I’ve been coaching since 2011 using the skills gained from a dozen years of yoga and meditation teaching as my foundation. I’ve continued to grow my skills most notably with Inner Empathy. Meeting my parts with compassion and deep listening has been the single biggest transformational tool that I’ve learned. I use it daily. It allows a whole different framework for relating to myself, my desires, and my shortcomings. The skills I use in my coaching have transformed my life.

For the last 15 years or so, I’ve been questioning my role in society, who I am, what I want from life, and what I have to offer. I started out in Silicon Valley working as a chemical engineer in an environmental consulting firm. I noticed that the people around me, the adults who I was supposed to look up to, were generally overweight and unhappy. They worked long hours and complained a lot. Many had lingering illnesses. Even more telling, I dreaded Monday morning and going to work every day. I left that job and became an aerobics instructor. The hours were good and I wasn’t going to get fat, I reasoned. I also learned something about myself. I like to slow down and look at the details of things. I started to teach yoga as it’s both slower, more mindful, and to me more meaningful than step aerobics or kickboxing.

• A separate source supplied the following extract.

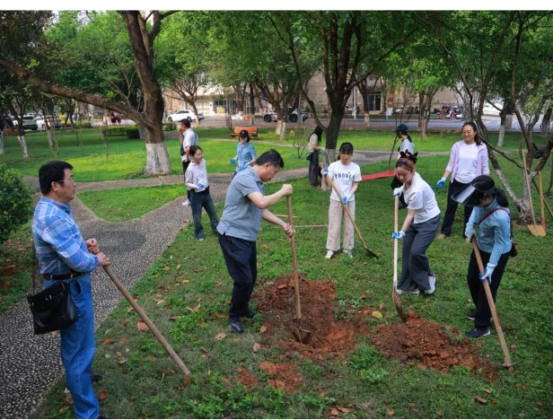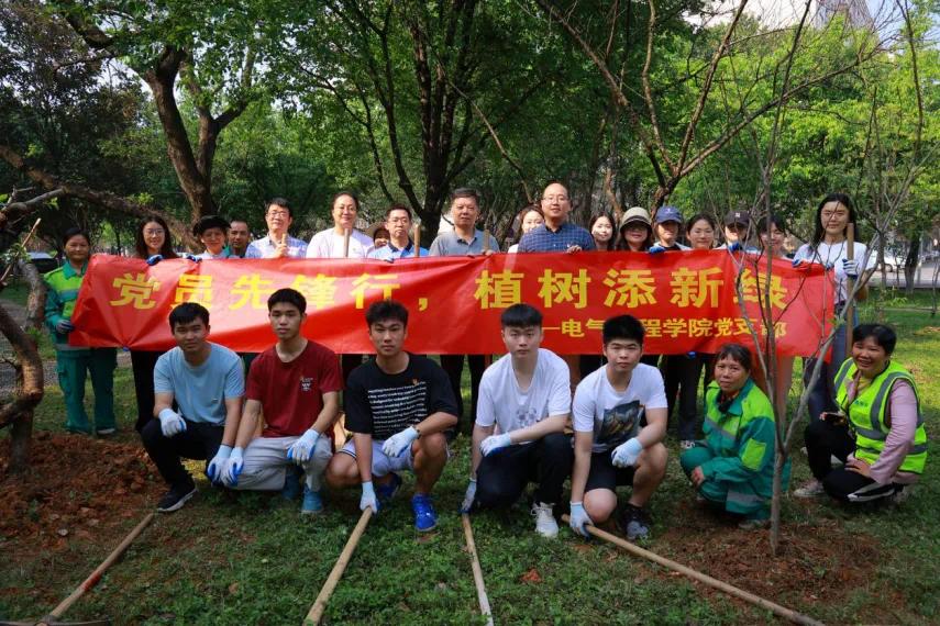 为深入学习贯彻习近平生态文明思想,以实际行动践行“绿水青山就是金山银山”的发展理念,3月29日上午,久久久久亚洲管理党支部、电工与实验党支部、本科生第三党支部联合开展义务植树活动。学院党委书记梁志坚、党委副书记李道洋、副院长于婷、副院长李畸勇和师生党员代表参加活动。 活动现场,大家热情高涨、干劲十足,三五成队,采用分工合作的方式,挥锹挖坑、铲土拔草、扶苗填土、夯土浇水,呈现热火朝天的辛勤劳作景象。 经过大家共同努力,树木扎根在沃土里,迎风挺立,“党旗‘红’”和“生态‘绿’”交相辉映,成为春日校园里一道亮丽的风景线。 此次义务植树主题党日活动展示了电气人良好的精神风貌,进一步提高了师生党员的生态环保意识。大家纷纷表示,将继续发挥先锋模范作用,积极参与生态文明建设,用自身行动践行绿色发展理念。

Relationships are where it’s at. Relationships have pushed me to look deeper into myself and take responsibility both for my own misery and my own happiness.

I am a parent to two wonderful girls who sometimes challenge everything I think and know. I gave birth to both of them at home, in the water. Both girls were breastfed for more than three years each. We learned EC (elimination communication) with our first daughter and went completely diaper free with our second. We have unschooled and homeschooled. Both girls are currently in private school. All of these experiences are teaching me a great deal about trust and the inherent wisdom of my children.

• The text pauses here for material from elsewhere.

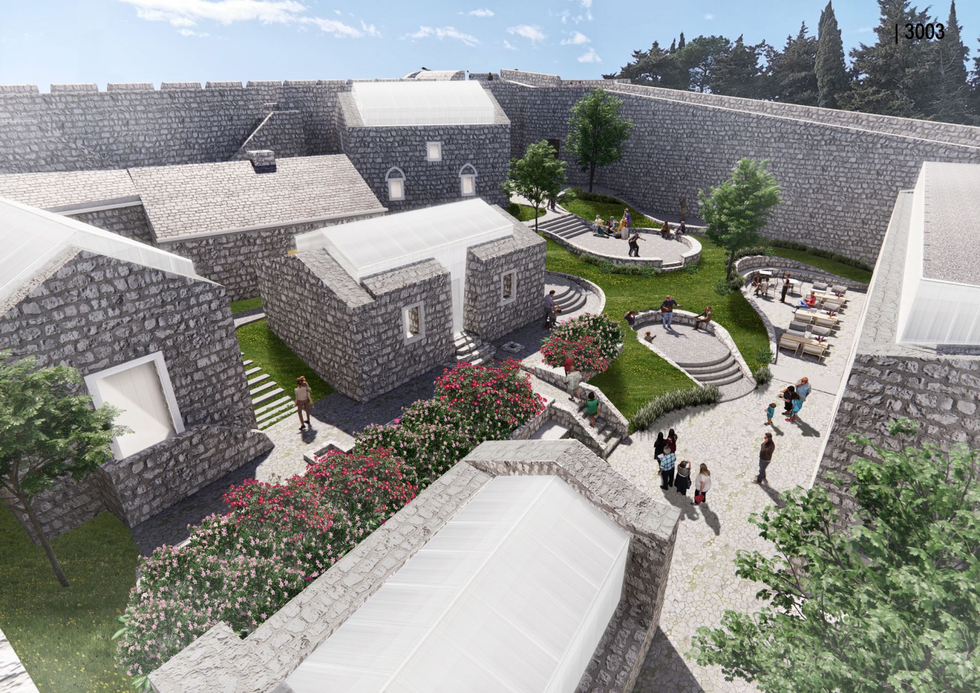 „Korišćenjem polikarbonata za dodavanje nedostajućih delova strukturama, pomažući im da povrate svoje prethodne oblike, svedoci smo važnog trenutka koji simbolizuje novi život. Tokom dana, bele strukture povezuju zgrade unutar tvrđave u jedinstvenu, neuništivu celinu”, navode iz Enforme i dodaju:

That all sounds great, but what’s hidden in it is that I wanted to do attachment parenting perfectly so that my children would be perfectly happy. The driven nagging of the Perfectionist was my constant companion saying it “has to be just so or else your failing!” It didn’t work. I often felt like a failure. I’m still very glad I did all those things and very glad that Parts Work in the style of Inner Empathy came into my life. My Perfectionist is a lot easier to live with now and consequently my parenting has improved. My relationships with my children are mellowing into more enjoyment, clearer boundaries, and less need to prove ourselves. I mention our summer of 2015 in this video. 

In 2011, I came out as a parent coach. It really felt like coming out. It took me a year to be able to answer “What do you do?” with “I’m a parent coach,” and not anticipate them laughing, attacking, or challenging my abilities. I was terribly afraid someone would find out I wasn’t a perfect parent and tell me I wasn’t qualified to work. I now love coaching parents and have let go of needing to do it perfectly. While influenced by my own insights and background, I help my clients find the truth and wisdom inside themselves. I don’t need to be perfect. Whew.

At the same time I was coming out as a parent coach, I was opening my marriage and embracing my  bisexual, polyamorous nature. As  woman who’s spent most of the last 20 years in two different mostly-heterosexual, mostly-monogamous marriages, I was a touch nervous I’d be rejected for being a bad person, a bad wife, and unacceptable for opening my marriage. The reality is that sometimes I was. Embracing more of who I am rather than keeping those parts of me outside myself have certainly changed my life. Some relationships have changed dramatically. And  my happiness is continuing to increase. My joy and gratitude for my life and the trust I have in myself to be the best authority on my own life continue to increase.